The web publishing platform Medium has made an announcement regarding its decision to block OpenAI’s GPTBot, an agent responsible for scraping web content used in training AI models. This move by Medium reflects a growing trend among various platforms considering a unified response to what many perceive as the exploitation of their content.
Medium has joined the likes of CNN, The New York Times, and numerous other media outlets (with the exception of TechCrunch, for now) in adding “User-Agent: GPTBot” to its robots.txt file. This file, present on many websites, communicates to web crawlers and indexers whether the site consents to be scanned. For example, if you prefer not to have your content indexed by Google, you can specify this in your robots.txt file.
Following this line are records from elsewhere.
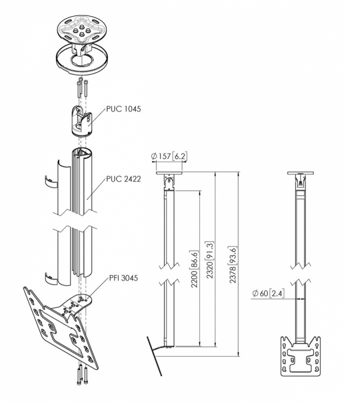 VESA Lochmuster 100 mm x 100 mm, 100 mm x 200 mm, 200 mm x 100 mm, 200 mm x 200 mm, 200 mm x 300 mm, 300 mm x 200 mm, 300 mm x 300 mm, 400 mm x 200 mm, 400 mm x 300 mm, 400 mm x 400 mm
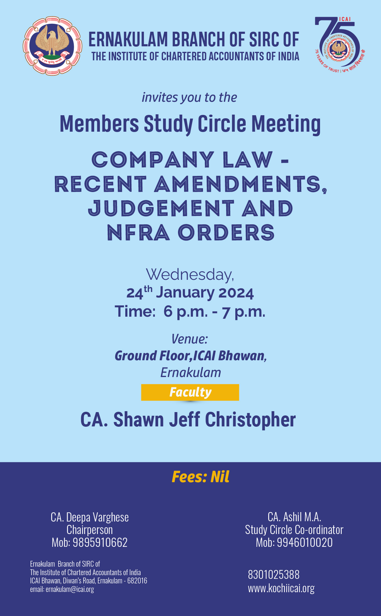 on 24 -01 -2024 CPE Credit: 0 Hours Venue: ICAI Bhawan, Diwan's Road,Ernakulam,Kerala
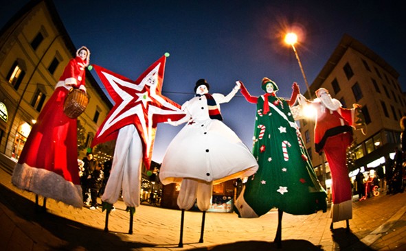 Babbo Natale e i suoi scatenati folletti si fanno largo per la strada a suon di musica, giochi e animazioni. Non manca nulla: l’albero e il pupazzo di neve si danno da fare per stare al loro passo.
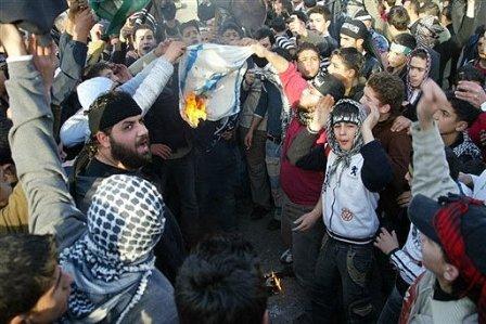 在土耳其、敘利亞和約旦多個城市,上千名民眾聚集,焚燒以色列和美國國旗。
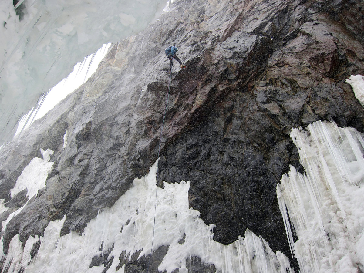 Alla fine della rampa una divertente arrampicata mista mi ha portato su neve ripida, davvero ripida alla fine. Questa parte avrebbe dovuto essere con la guida di Colin: è bravo in questo. E’ un fatto che a lui piace, mentre a me no. Ero quasi alla fine, quando ho avuto una sensazione inquietante e ho sbirciato oltre il bordo a destra. Sì, era proprio come temevo: stavo per salire su un fungo strapiombante grosso quanto un’auto. Il mio cuore batteva forte e ho subito provato a spostarmi a sinistra. Non c’era protezione. Il mio ultimo chiodo era a 20 metri di distanza quando finalmente ho potuto costruire una sosta su ghiaccio solido. Guardando in basso sono rimasto sbalordito dalla precaria formazione di neve. Sembrava incernierata in 30 cm di neve a debole coesione; le mie tracce tagliavano proprio dove prima o poi ci sarebbe stata la frattura.

However, AI companies go beyond mere indexing; they scrape data to use as source material for their AI models. This practice has raised concerns, including those voiced by Medium’s CEO, Tony Stubblebine. He asserts that the current state of generative AI does not benefit the internet as a whole, as these AI companies profit from writers’ content without consent, compensation, or credit, effectively exploiting writers for the sake of spamming internet users.
As a response, Medium has chosen to deny OpenAI’s scraper access, although this approach is seen as voluntary and may not deter determined spammers and unethical AI platforms. There is also the possibility of more aggressive measures, such as feeding fake content to disrupt data collection, but this could lead to legal battles and escalating expenses.
Nevertheless, there is optimism. Stubblebine mentions Medium’s efforts to form a coalition with other platforms to address the issue of fair use in the AI era. He has engaged in discussions with major organizations (redacted for privacy reasons) that are potential allies in this effort. These organizations, although unwilling to publicly collaborate at this stage, face similar challenges and are considering the potential benefits of working together.
The main obstacles to forming such a coalition are the complexity of multi-industry partnerships and the evolving nature of intellectual property and copyright in the context of AI. Defining IP and copyright in this rapidly evolving landscape presents legal and ethical dilemmas, and companies are torn between protecting their IP and leveraging AI for their own benefit.
Stubblebine suggests that it might take a prominent internet entity like Wikipedia to initiate a bold move and set a precedent. Some organizations may be restricted by business concerns, but others, unburdened by such constraints, might be willing to take the lead. Until such leadership emerges, platforms remain vulnerable to web crawlers that either respect or disregard their consent at their own discretion.